For the first four decades of Camp Lejeune's operations, from the 1940s through the 1970s, the water treatment processes used
there were essentially the same ones found in most cities across the country: filters removed particles, softeners reduced minerals, and chlorination killed microbes. There were no state or federal regulations for chemical contaminants until the late 1970s, after Congress passed the Safe Drinking Water Act in 1974 and the Environmental Protection Agency (
EPA
) started developing limits for various industrial pollutants that were turning up in drinking water around the nation. It was, after all, the chemical age in the decades following World War II. About all that was known about the thousands of new products brought to the market by new compounds and processes was that they greatly improved the quality of life for millions of people. As for the waste that these advancements produced, an “out of sight, out of mind” mentality prevailed across America. The pollution wasn't just from steel mills and paper mills and auto plants and other factories spewing emissions into the air and water and dumping hazardous waste on the land. Every owner of a car or truck with a tailpipe contributed to the smog that was choking America's cities by the 1970s, and every home equipped with a modern washing machine was sending to local waterways detergents that sucked up the oxygen in the water and harmed fish and wildlife.
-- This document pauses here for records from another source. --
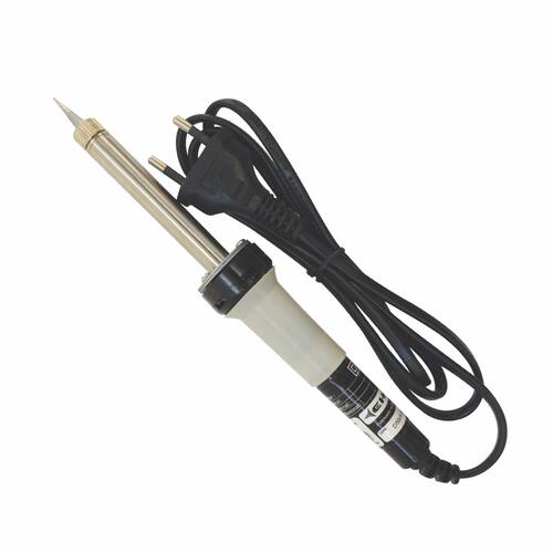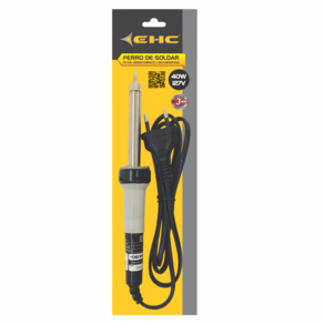 Ferro de solda EHC com cabo emborrachado para aplicação em solda de componentes eletrônicos e pequenas soldas. CARACTERÍSTICAS: - Ponteira de longa durabilidade, de fácil - 1,5mm, - Resistência de níquel-cromo com isolação em mica, - Temperatura máxima: 420 °C - Cordão com plugue certificado. 2X0,5mm² - 1,3m - Em conformidade com a NBR14136.
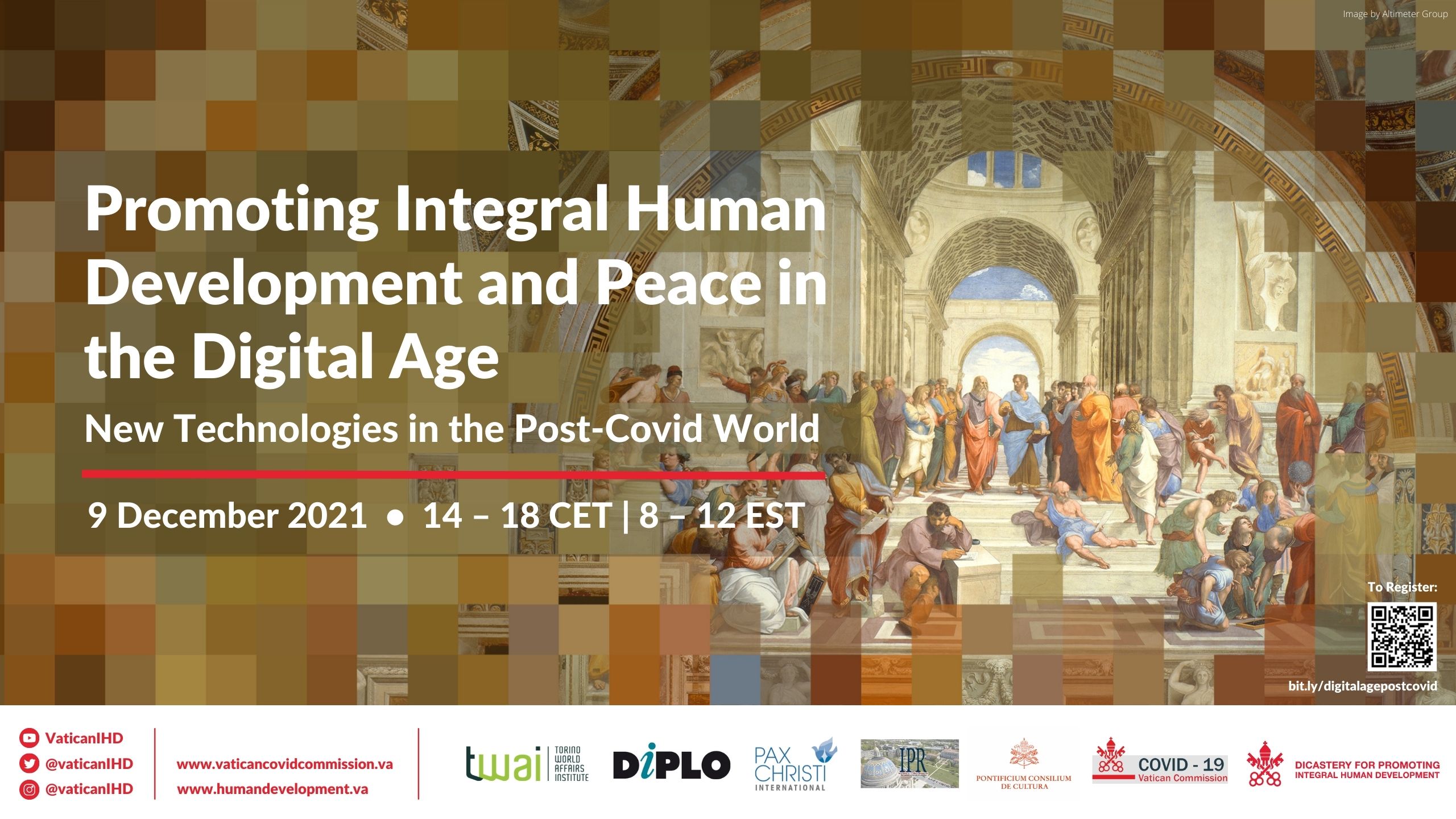 At this crucial point in history, there is a great need for a shift away from the technocratic paradigm, as described by Pope Francis in his encyclical Laudato Si' (106). Following the dialogue initiated at the 2019 conference The Common Good in the Digital Age, the Promoting Integral Human Development and Peace in the Digital Age hybrid conference will aim to contribute to the global dialogue on the role of new technologies in the post-pandemic era with a view towards integral ecology, justice, an integrated “One Health for All” approach, and a more communal economic system.
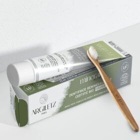 La brosse à dents ARGILETZ possède une boite en Kraft et un manche en bambou léger, tous les deux 100% biodégradables.
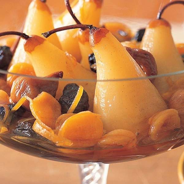 Chill the pears, dried fruit, zests, and poaching liquid. Remove the cinnamon, cloves, and vanilla before serving if you like.
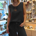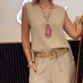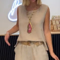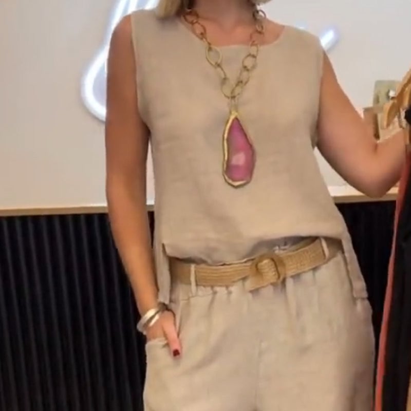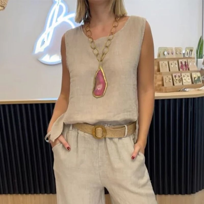 Sleeveless tops and wide-legged pants provide a modern, casual look that makes it easy to transition from casual travel to a relaxed office environment. A monochromatic pattern in beige or black adds a touch of elegance to any wardrobe.
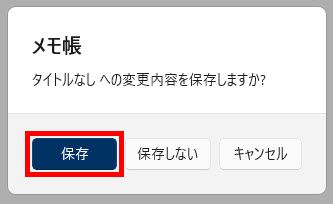 例えば、アプリ(メモ帳)の編集中は、注意画面が表示されてシャットダウンできません、
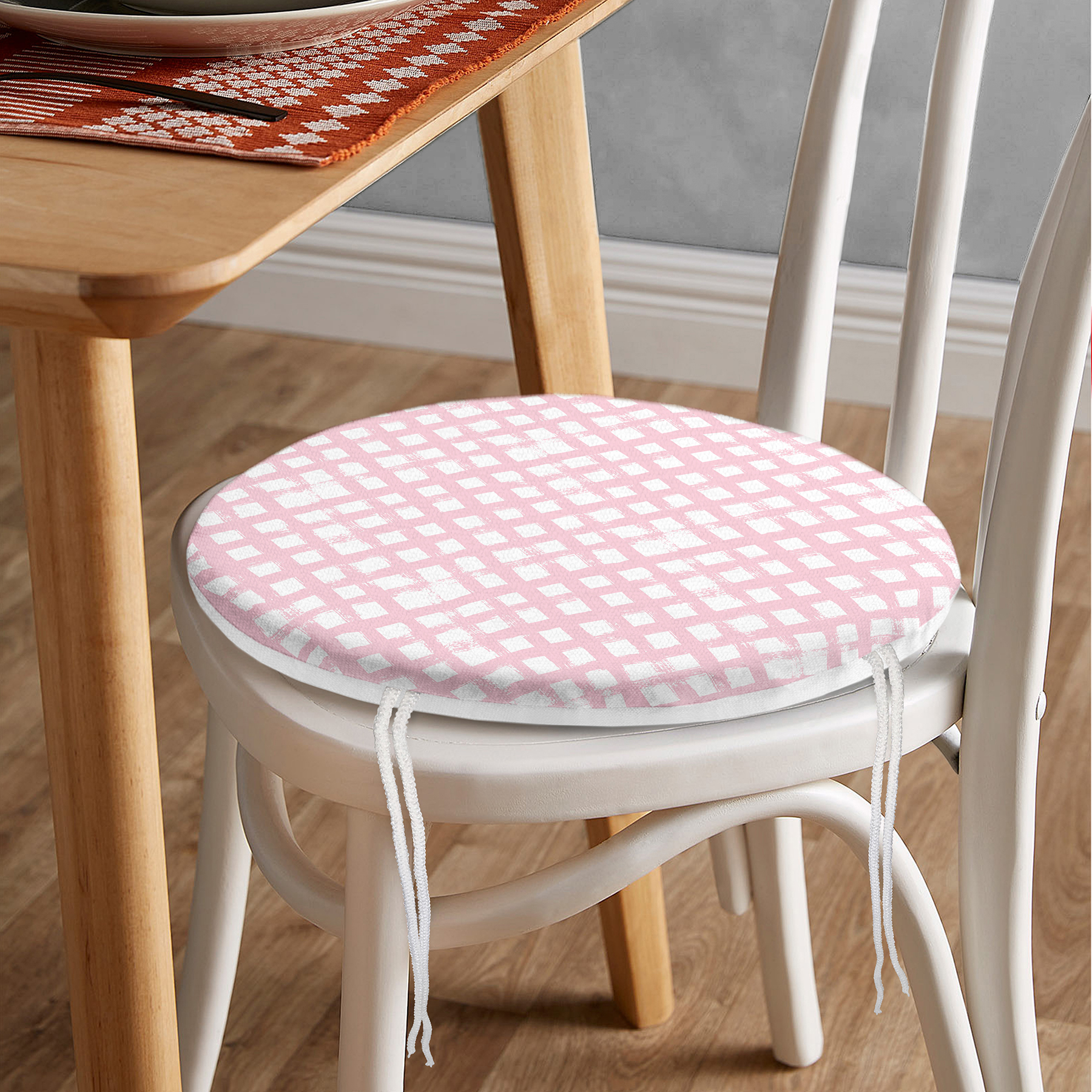 Pembe Zeminde Geometrik Kare Motifli Yuvarlak Fermuarlı Sandalye Minderi Realhomes

Two of the most prevalent industrial pollutants in the postwar era were actually sister compounds, trichloroethylene (commonly called
TCE
) and tetrachloroethylene (also known as perchloroethylene, or
PCE
). Their use had exploded since their development as “the safety solvents” in the 1930s.
PCE
was used mainly as a cleaning agent, particularly in laundry operations, while
TCE
, a common degreaser, cleaning solvent, and paint thinner, was used in many industrial and commercial processes. The military was a major purchaser of
TCE
, using large quantities of the liquid solvent to remove grit and grime from planes, tanks, other vehicles, and weapons. And during the early decades of solvent use, it was
widely believed that dumping
TCE
and
PCE
on the ground had little or no environmental impact, as the chemicals would simply vaporize or become assimilated into the soil.
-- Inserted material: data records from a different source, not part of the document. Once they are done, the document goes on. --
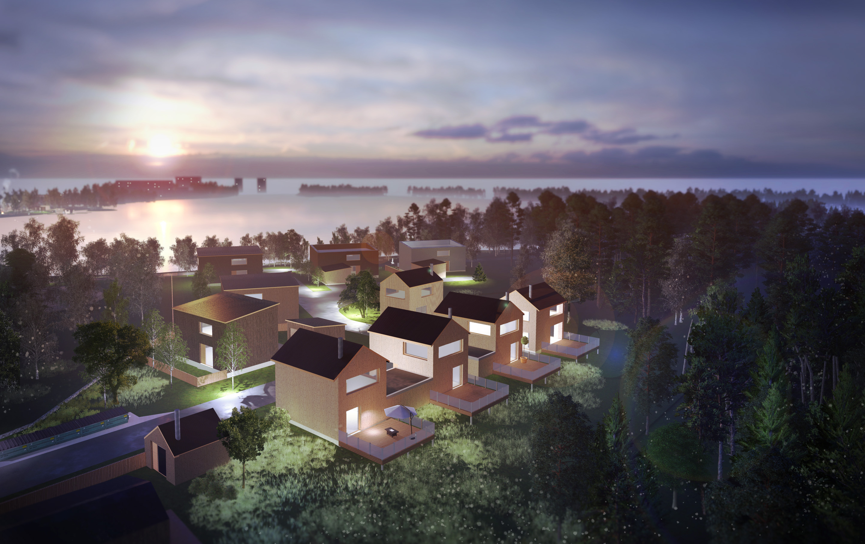 Havainnekuva Oulun asuntomessualueelle tulevista omakotitaloista.
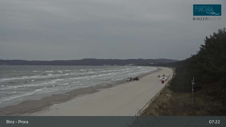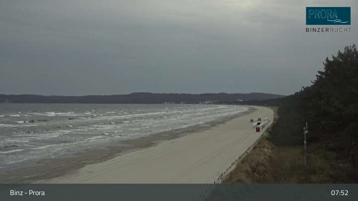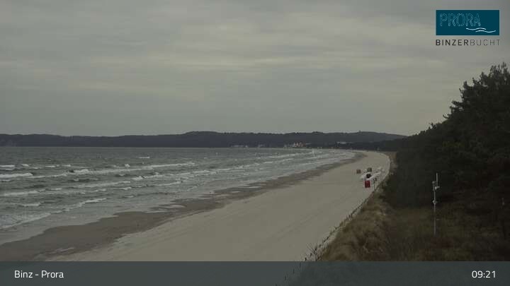 The camera is located on the island of Rügen on the beach of Prora and looks over the bay of Binz.
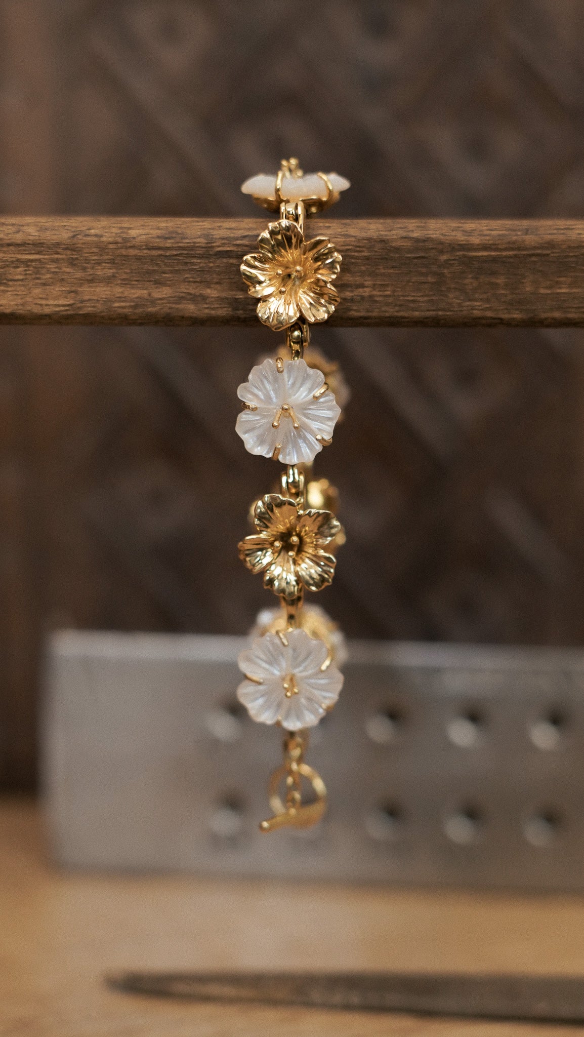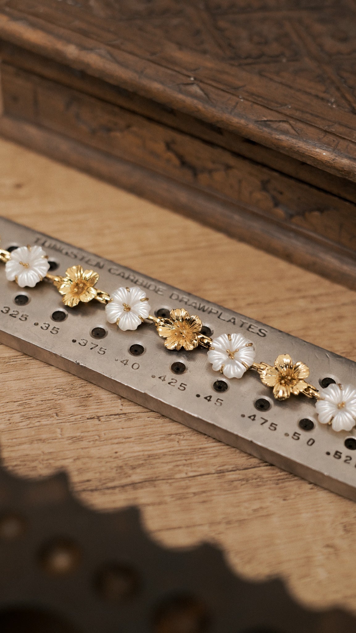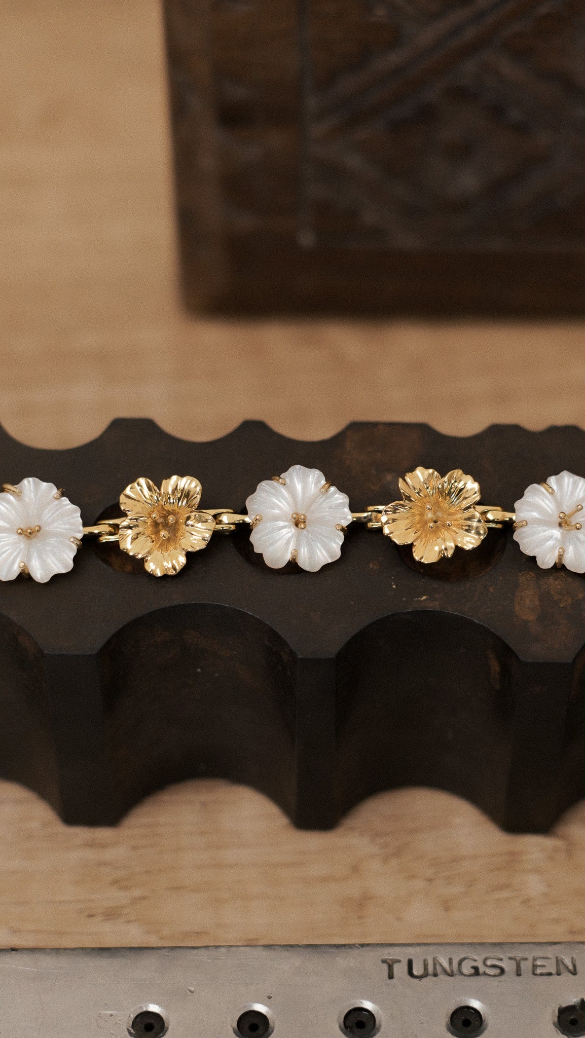 This bracelet features delicate white hibiscus flowers, expertly carved from luminous mother of pearl, giving each piece a unique iridescent glow. Paired with sterling silver gold-plated flowers.

Until studies in the late 1970s and early 1980s began raising concerns about health effects from exposure to the solvents, there were no limits on their presence in drinking water. Manufacturers did not even provide guidelines for disposal. “There was no reason for industry or the military to focus in on
TCE
,
PCE
, or other chlorinated solvents prior to the later 1970s,” said a 2009 consultant's report to the US Department of Justice on waste-disposal practices at Camp Lejeune. “There were no prior reports of
TCE
or
PCE
groundwater contamination.
TCE
and
PCE
were not regulated constituents.
TCE
was not considered a health risk.”
25

The same was true for benzene, which is today known as a highly toxic chemical found in gasoline and diesel fuel. But until the mid-1980s, there were no safety limits for benzene in drinking water; the compound was considered to be ubiquitous in the environment.

Dumping chemicals and other toxic wastes was common practice at military bases across the country in the decades after World War II. Before he came to Camp Lejeune as an environmental worker in 1979, Danny Sharpe spent time at the Cherry Point Marine Corps Air Station in New Bern, North Carolina, just north of Camp Lejeune. He remembered a clearing in the woods at that base that had two unlined pits, each about thirty feet long by thirty feet wide and about twelve feet deep, where workers dumped chemical and other wastes on an almost daily basis. The smell was horrendous, he said.
26

The same thing was happening at Camp Lejeune on a much larger scale. Julian Wooten, the base's environmental manager in the 1960s and 1970s, said every form of waste generated at the base was either dumped directly on the land or into ditches dug by
Marines. Waste oil from vehicles and equipment was also constantly poured on dirt roads to control dust, Wooten said. Sharpe recalled that at least until the early 1980s, waste oils at the base were collected in tanks and then spread over the hundreds of miles of roads that ran through Camp Lejeune.